[CHAPTER 10H]

NATIVE HAWAIIAN RECOGNITION

 

Section

10H-1 Statement of recognition

10H-2 Purpose

10H-3 Native Hawaiian roll commission

10H-4 Notice of qualified Native Hawaiian roll

10H-5 Native Hawaiian convention

10H-6 Dissolution of the Native Hawaiian roll commission

10H-7 No diminishment of rights or privileges

10H-8 Reaffirmation of delegation of federal authority;

governmental authority and power; negotiations

10H-9 Disclaimer

 

Law Journals and Reviews

 

A New Narrative: Native Hawaiian Law. 39 UH L. Rev. 233 (2016).

 

Case Notes

 

Act 195, Session Laws of Hawaii 2011, did not violate the equal protection clause. Act 195 facilitated self-governance and organization of native Hawaiians and established a commission to prepare and maintain a "roll" of qualified native Hawaiians. Even if section 10H-5 contemplated or encouraged a convention, it simply called for a chance for certain native Hawaiians to independently organize themselves without involvement from the State. 141 F. Supp. 3d 1106 (2015).

Act 195, Session Laws of Hawaii 2011, met strict scrutiny for purposes of equal protection. The State had a compelling interest in bettering the conditions of its indigenous people and, in doing so, provided dignity in allowing a starting point for a process of self-determination, and Act 195's restriction to native Hawaiians was precisely tailored to meet that compelling interest. 141 F. Supp. 3d 1106 (2015).

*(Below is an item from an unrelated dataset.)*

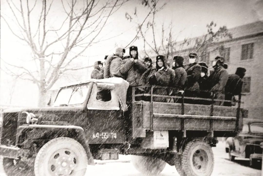 1959年張履謙前排(左一)等人在風(fēng)雪時(shí)節(jié)奔赴紅旗一號(hào)導(dǎo)彈雷達(dá)試驗(yàn)場(chǎng)的途中

Neither nonprofit corporation's proposed election of native Hawaiian delegates to a convention of native Hawaiians to discuss, and possibly organize, a native Hawaiian governing entity nor Act 195, Session Laws of Hawaii 2011, violated plaintiff's equal protection or due process rights under this amendment. Under 42 U.S.C. 1983, plaintiffs must demonstrate that the deprivation of a constitutional right occurred under the color of a statute, ordinance, regulation, custom, or usage of any state. 141 F. Supp. 3d 1106 (2015).

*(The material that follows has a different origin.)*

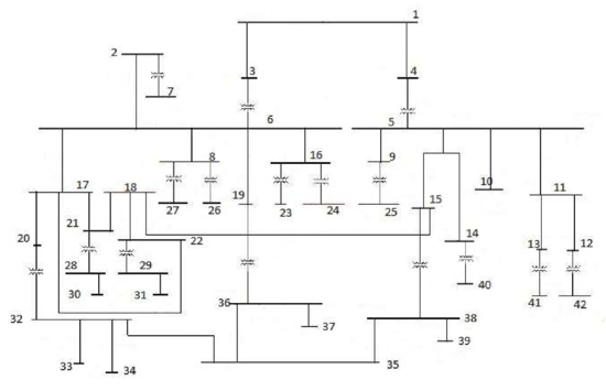 To evaluate the performance of the proposed method, an IEEE std 39 network is selected as the test system. This sample network is a distribution system with 42 buses. Busses 1 to 4 have a voltage level of 69 kV, busses 5 to 22 have a voltage level of 13.8 kV, busses 23 to 26 have a voltage level of 2.4 kV, and the other busses have a voltage level of 480 V. The external grid is connected to one of the 69 kV busses, and all of the loads are connected to the 480 V and 2.4 kV busses. It is assumed that the DGs are to be placed at the 13.8 kV and 2.4 kV busses. The general topology of the network is shown in Figure 4. The specifications of the lines can be found in [15].

While Act 195, Session Laws of Hawaii 2011, contemplated a convention of Hawaii's indigenous peoples to participate in the organization of a native Hawaiian governing entity, it did not mandate any election, nor did it impose, direct, or suggest any particular process. Under section 10H-5, the roll was intended to facilitate an independent process for native Hawaiians to organize themselves. At most, Act 195 facilitated private self-determination, not governmental acts or organization. 141 F. Supp. 3d 1106 (2015).